__PROBLEM TO SOLVE__:
There are pictures in the records below; leave them out and set down exactly the lines from the one holding "理科では水溶液の性質とはたら" through the one holding "In P(z) plots: Yellow".

### MATERIAL FOR THIS EXERCISE ###

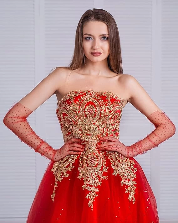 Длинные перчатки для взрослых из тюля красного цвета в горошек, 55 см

###
### MATERIAL FOR THIS EXERCISE ###

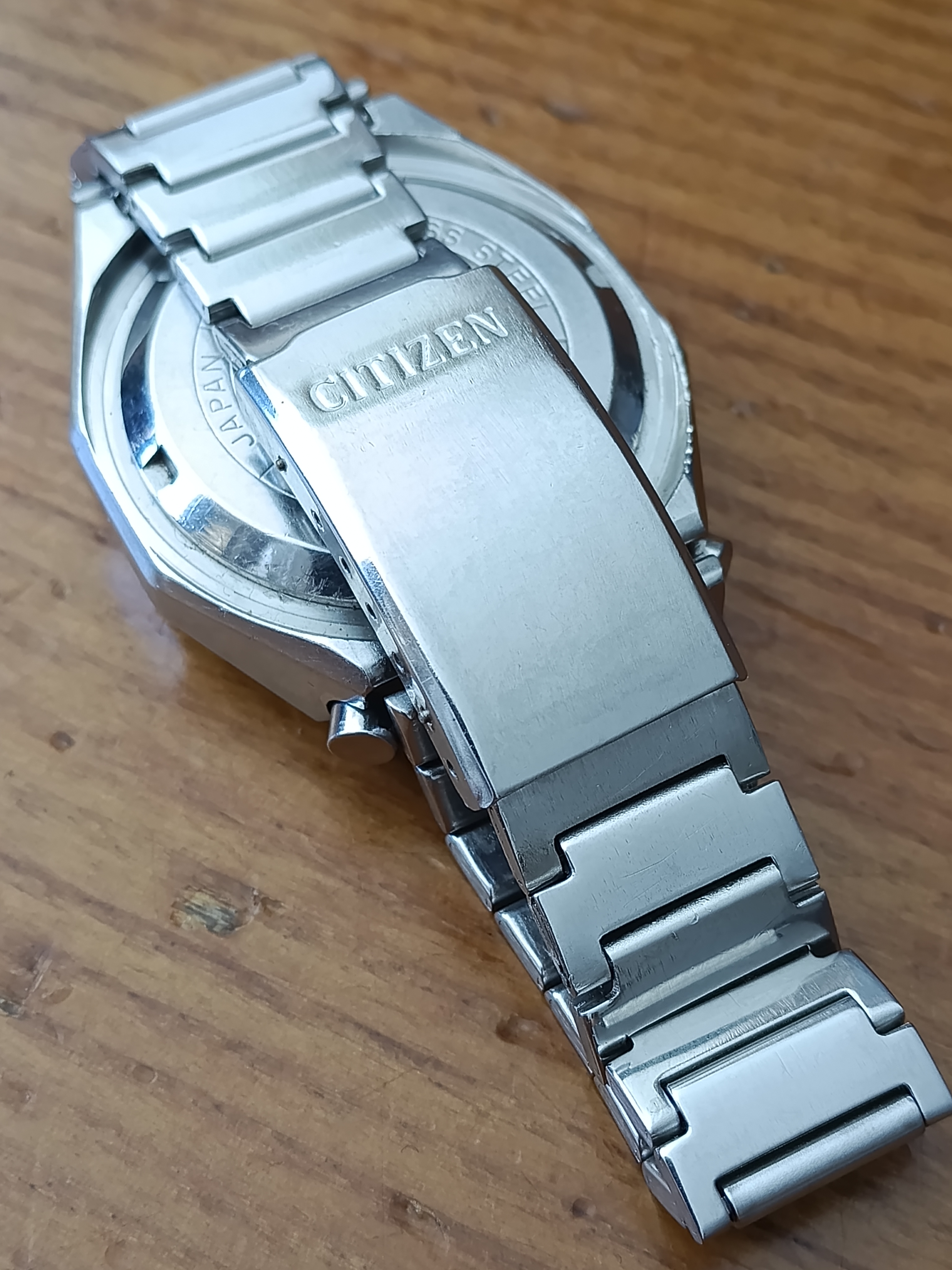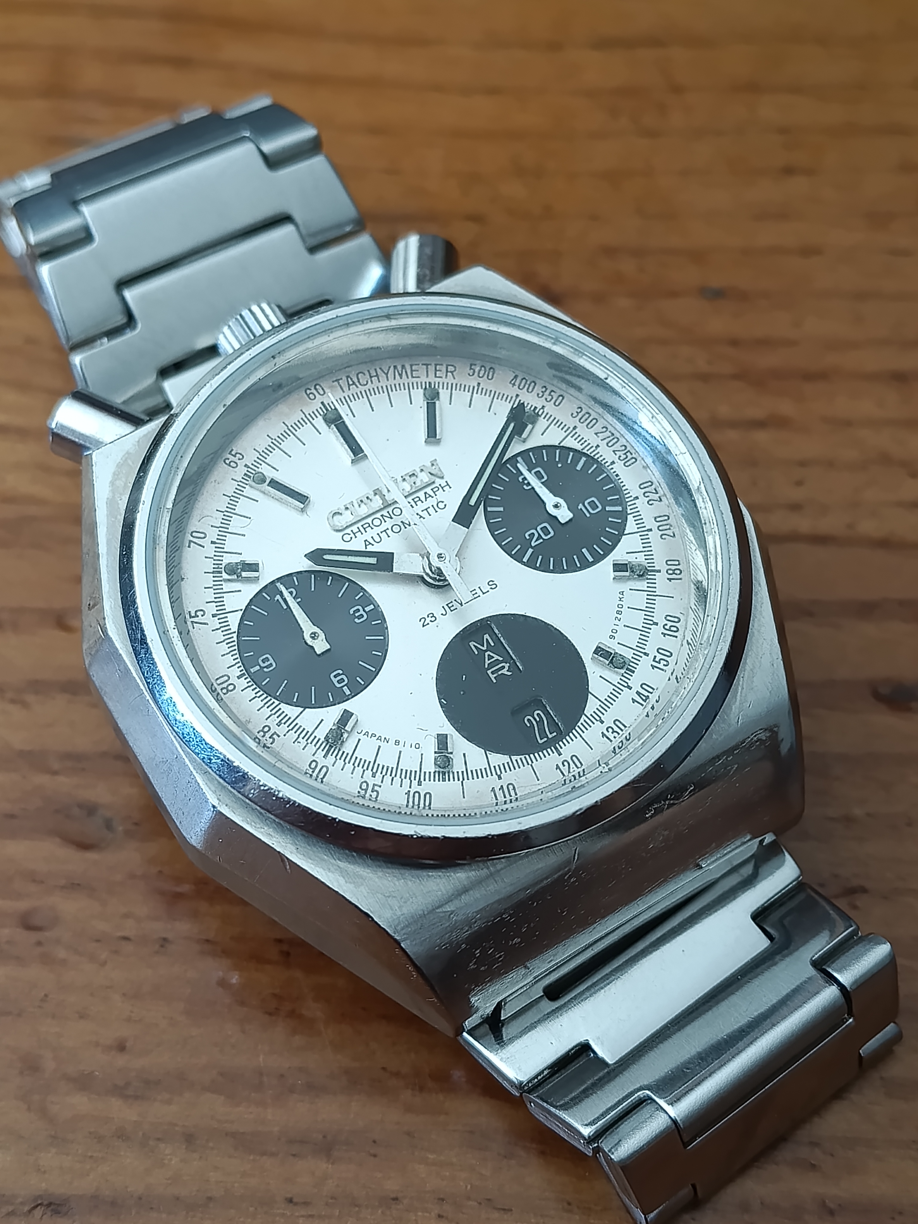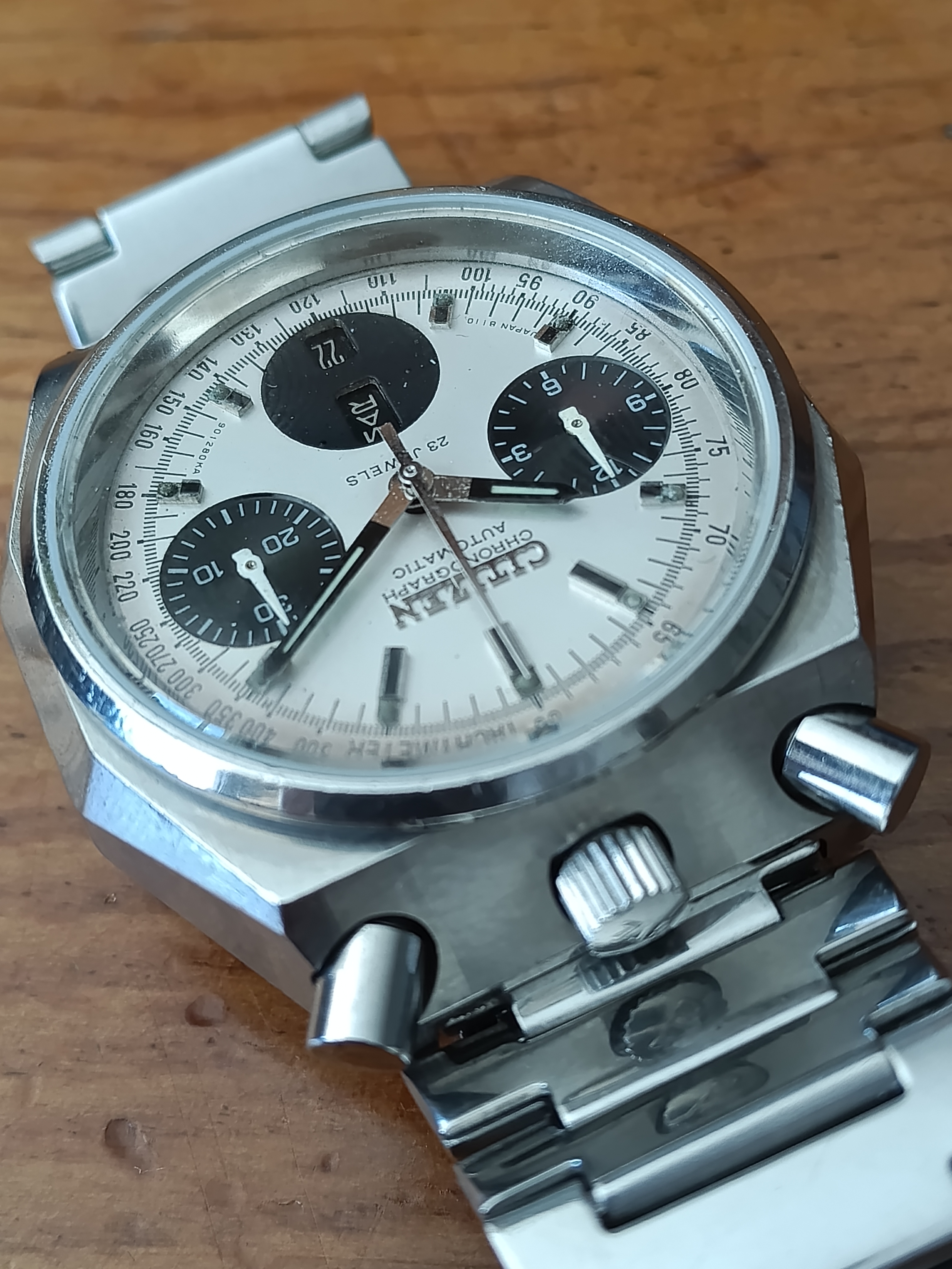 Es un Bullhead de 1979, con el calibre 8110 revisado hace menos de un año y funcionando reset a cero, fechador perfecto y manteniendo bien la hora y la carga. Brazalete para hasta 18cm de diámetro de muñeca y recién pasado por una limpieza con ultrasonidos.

###
### MATERIAL FOR THIS EXERCISE ###

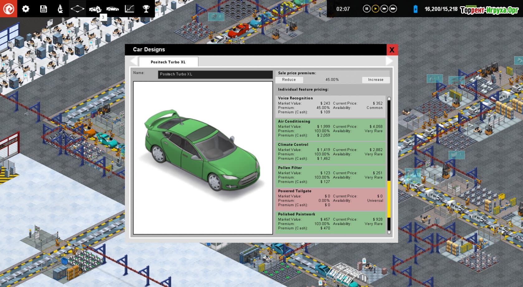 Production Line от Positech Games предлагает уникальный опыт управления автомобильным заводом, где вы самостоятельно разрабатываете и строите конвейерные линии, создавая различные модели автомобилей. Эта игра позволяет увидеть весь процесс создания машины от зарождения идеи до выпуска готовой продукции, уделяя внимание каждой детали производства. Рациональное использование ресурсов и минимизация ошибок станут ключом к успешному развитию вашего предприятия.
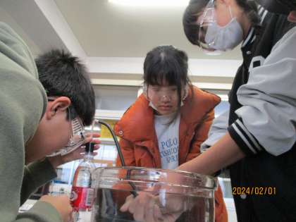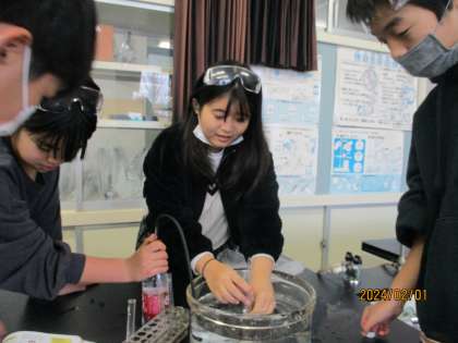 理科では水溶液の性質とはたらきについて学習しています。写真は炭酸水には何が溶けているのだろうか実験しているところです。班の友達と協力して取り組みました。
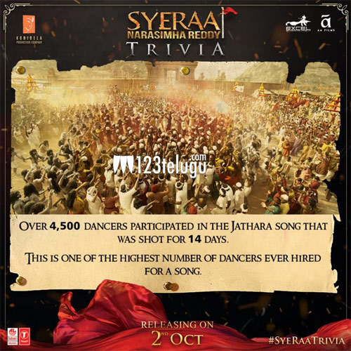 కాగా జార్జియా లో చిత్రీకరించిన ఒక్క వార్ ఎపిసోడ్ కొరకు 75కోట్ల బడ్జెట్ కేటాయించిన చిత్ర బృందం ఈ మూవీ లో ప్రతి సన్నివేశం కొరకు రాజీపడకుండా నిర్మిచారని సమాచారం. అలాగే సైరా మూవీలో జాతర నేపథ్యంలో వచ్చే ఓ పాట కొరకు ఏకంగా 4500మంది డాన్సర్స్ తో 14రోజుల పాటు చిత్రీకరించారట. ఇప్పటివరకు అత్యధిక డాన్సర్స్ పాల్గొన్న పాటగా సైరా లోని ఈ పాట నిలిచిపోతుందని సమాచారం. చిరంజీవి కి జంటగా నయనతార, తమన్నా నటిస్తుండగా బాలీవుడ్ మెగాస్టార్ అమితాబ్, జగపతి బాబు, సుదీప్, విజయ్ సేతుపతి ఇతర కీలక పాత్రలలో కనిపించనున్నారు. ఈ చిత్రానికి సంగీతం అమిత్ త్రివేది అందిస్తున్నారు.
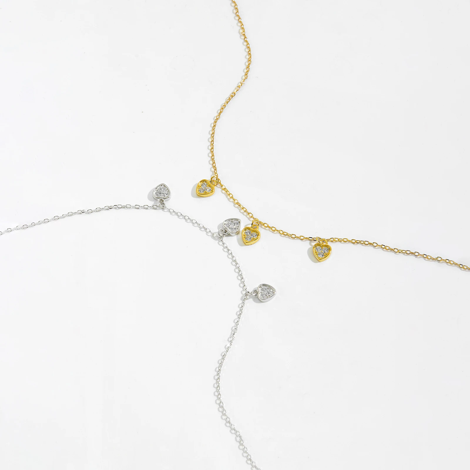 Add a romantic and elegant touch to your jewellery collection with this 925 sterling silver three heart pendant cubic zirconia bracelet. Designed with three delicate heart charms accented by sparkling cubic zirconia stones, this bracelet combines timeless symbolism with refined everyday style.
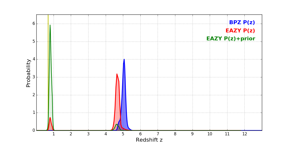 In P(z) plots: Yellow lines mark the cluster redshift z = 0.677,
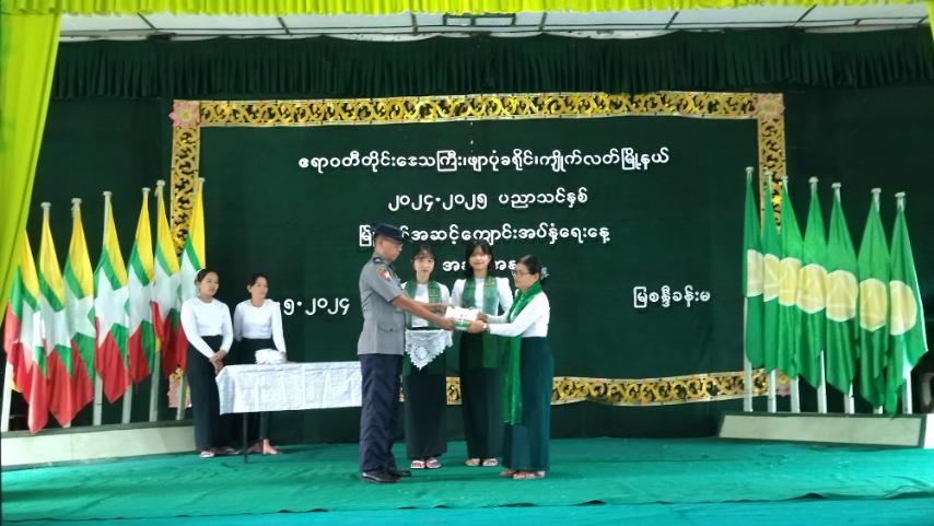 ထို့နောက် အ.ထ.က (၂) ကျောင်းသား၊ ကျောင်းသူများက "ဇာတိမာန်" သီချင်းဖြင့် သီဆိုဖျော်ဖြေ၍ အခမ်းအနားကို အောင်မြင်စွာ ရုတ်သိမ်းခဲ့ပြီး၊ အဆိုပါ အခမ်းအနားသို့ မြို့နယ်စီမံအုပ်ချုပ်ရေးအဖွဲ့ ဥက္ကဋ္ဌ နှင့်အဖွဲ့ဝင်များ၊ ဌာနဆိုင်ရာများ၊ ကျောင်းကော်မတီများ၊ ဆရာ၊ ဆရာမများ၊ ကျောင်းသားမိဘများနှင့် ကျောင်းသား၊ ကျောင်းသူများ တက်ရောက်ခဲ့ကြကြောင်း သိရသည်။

###

__RESULT__:
 理科では水溶液の性質とはたらきについて学習しています。写真は炭酸水には何が溶けているのだろうか実験しているところです。班の友達と協力して取り組みました。
 కాగా జార్జియా లో చిత్రీకరించిన ఒక్క వార్ ఎపిసోడ్ కొరకు 75కోట్ల బడ్జెట్ కేటాయించిన చిత్ర బృందం ఈ మూవీ లో ప్రతి సన్నివేశం కొరకు రాజీపడకుండా నిర్మిచారని సమాచారం. అలాగే సైరా మూవీలో జాతర నేపథ్యంలో వచ్చే ఓ పాట కొరకు ఏకంగా 4500మంది డాన్సర్స్ తో 14రోజుల పాటు చిత్రీకరించారట. ఇప్పటివరకు అత్యధిక డాన్సర్స్ పాల్గొన్న పాటగా సైరా లోని ఈ పాట నిలిచిపోతుందని సమాచారం. చిరంజీవి కి జంటగా నయనతార, తమన్నా నటిస్తుండగా బాలీవుడ్ మెగాస్టార్ అమితాబ్, జగపతి బాబు, సుదీప్, విజయ్ సేతుపతి ఇతర కీలక పాత్రలలో కనిపించనున్నారు. ఈ చిత్రానికి సంగీతం అమిత్ త్రివేది అందిస్తున్నారు.
 Add a romantic and elegant touch to your jewellery collection with this 925 sterling silver three heart pendant cubic zirconia bracelet. Designed with three delicate heart charms accented by sparkling cubic zirconia stones, this bracelet combines timeless symbolism with refined everyday style.
 In P(z) plots: Yellow lines mark the cluster redshift z = 0.677,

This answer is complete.